Studio de jeux basé aux Philippines Équipe Meowfia a sorti son mini-jeu Lutong Bahay en décembre 2020 avec un grand succès. Lutong Bahay, qui signifie «fait maison» en tagalog, suit la jeune Maricela qui doit se renseigner sur les plats emblématiques des Philippines pour hériter de sa grand-mère carinderia (stand de nourriture).
Les joueurs sont chargés de cuisiner une gamme de plats, tels que lumpiang ubod, un rouleau de printemps rempli de cœurs de palmier coupés en julienne, de crevettes et de porc, et sisig, porc cuit avec des oignons et des piments. Quant à savoir pourquoi ils ont choisi la nourriture comme sujet de leur jeu, la réponse est simple. «Pour la plupart des gens, la nourriture est une chose vers laquelle nous nous tournons lorsque nous avons besoin de réconfort», a écrit l’équipe par e-mail. «La culture philippine est centrée sur ce fait.»
Ce sentiment est repris par Chikon Club, la société indépendante d’Asie du Sud-Est qui travaille actuellement sur Pot de soupe, un jeu vidéo visant à capturer le pandémonium créatif de la cuisine maison. Bien qu’il ne soit pas aussi axé sur la narration que Venba, After School Afterlife, ou alors Lutong Bahay, il est tout aussi artistique que ses frères, permettant aux joueurs de gérer des rendus 3D de centaines d’ingrédients. Ces ingrédients sont utilisés pour préparer des plats du monde entier, mais l’objectif principal est la cuisine philippine. Le jeu vous permet également de jouer avec des ingrédients d’une manière qui pourrait ne pas être possible dans la vraie vie. Les joueurs peuvent casser un œuf ou le jeter sur un voisin bruyant.

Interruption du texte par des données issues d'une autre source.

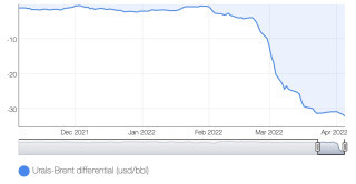 Средняя экспортная цена Urals в марте составила 89 долларов за баррель, сообщил Минфин. Иными словами, каждая партия уходила зарубежным покупателям со скидкой около 20%. В начале месяца дисконт Urals составлял 10 долларов за баррель, к его концу достиг 30 долларов, а в начале апреля установил новый рекорд. Трейдер Trafigura выставил на продажу партию с отгрузкой через Балтийское море по цене на 35 долларов ниже Brent.
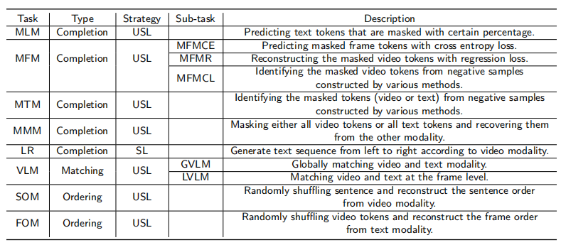 图 3:「视频-语言」预训练中的常用代理任务一览

Le jeu devrait sortir plus tard cette année, mais il a déjà attiré beaucoup d’attention, explique le directeur technique Gwen Foster, en particulier de la diaspora philippine à l’étranger. Mais pour l’équipe, créer le jeu vidéo était un moyen de se connecter davantage non seulement avec des gens des Philippines, mais aussi avec un public plus large. «La nourriture est à la fois un langage d’amour et un moyen de se connecter et de communiquer avec différentes personnes», dit Foster.
La connexion est le thème de tous ces jeux, dont plusieurs ont été rédigés ou conçus en pleine pandémie. (Pot de soupe se déroule même en pleine quarantaine.) Pendant cette période d’isolement profond, la nourriture conserve encore le pouvoir d’approfondir ou de créer de nouveaux liens. Heather Lim a remarqué que, lorsque les premiers testeurs de jeu terminent Après l’école après la vie, ils ont hâte d’en savoir plus sur la culture Peranakan dans son ensemble, même s’ils ne peuvent pas se rendre à Singapour pour le moment. «Ils ont été initiés à cette nourriture», dit-elle. «Et maintenant, ils veulent venir visiter.»
Quant à Abhi, il espère que son jeu incitera les gens à chercher une connexion un peu plus près de chez eux. «Quand j’ai parlé de ce jeu à l’un de mes amis, elle a dit: ‘J’aime l’histoire. J’ai l’impression que les gens appelleront leur mère après y avoir joué », dit-il. «Je pense que si les gens appellent leur mère après avoir joué, je suis heureux.»